Welcome to Readers Write to Know! I asked you, my readers, what questions they would ask their favorite authors if given the chance, and the authors visiting my blog answered them! This week, I’m so excited to have Davalynn Spencer as my guest.  You know that a former rodeo reporter and wife/mother of rodeo clowns can write some seriously good cowboy romances! I loved her interview, her advice for aspiring writers, and especially love that she wanted to be my guest this week. Read on to see how you can win a copy of her latest release (which sounds so good!)

Tell us a little bit about yourself. As the wife and mother of professional rodeo clowns, I spent plenty of years on my knees outside the arena praying! But rodeo is also where I got my start writing nonfiction—there’s nothing make-believe about some of the wrecks I’ve seen. However, I always wanted to be a novelist, so after several years as a newspaper crime-beat reporter and rodeo journalist, I went after my dream. I also put all those years around cowboys to good use, and 15 out of 16 of my published titles—both historical and contemporary—have a cowboy hero. Gotta love ‘em, right?

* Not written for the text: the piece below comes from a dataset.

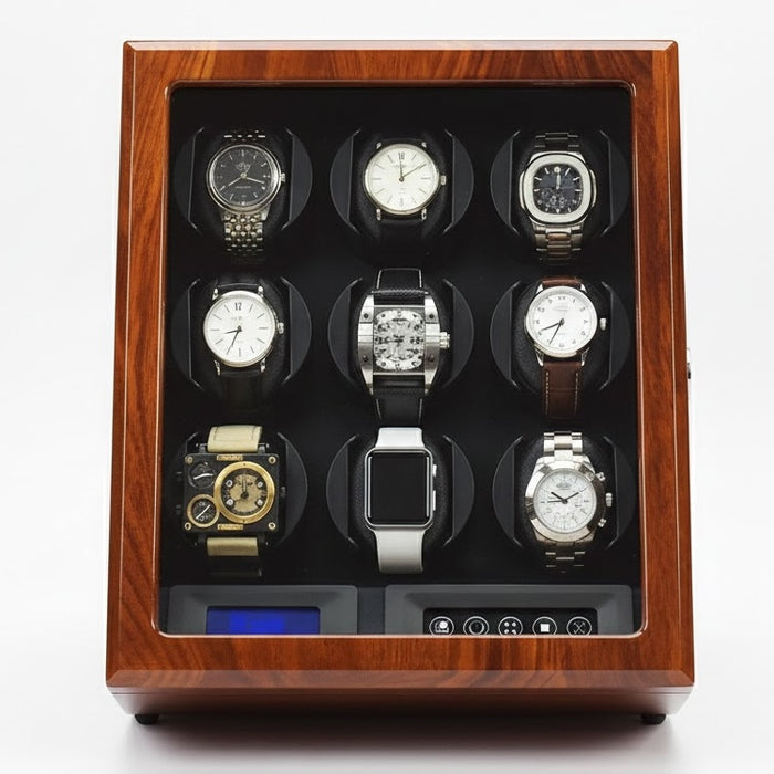Aurelix Sovereign | 9-Slot Automatic Watch Winder Gallery | High-Gloss Brazilian Rosewood | Digital TPD Command Center

Tell us about your current release. High-Country Christmas is a two-novella collection of unrelated stories set in the high country of Colorado’s Rocky Mountains. In Snow Angel, Lena Carver lost something precious as a child at Christmas. Twenty years later, she’s about to lose her heart when a bruised and broken cowboy shows up at her physician brother’s home with a bullet-creased scalp and a mysterious dog. Just in Time for Christmas is the story of Abigale Millerton and the boy she grew away from. However, when she returns home to run her grandfather’s ranch, her neighbor Seth Holt is there waiting, as determined and true as ever.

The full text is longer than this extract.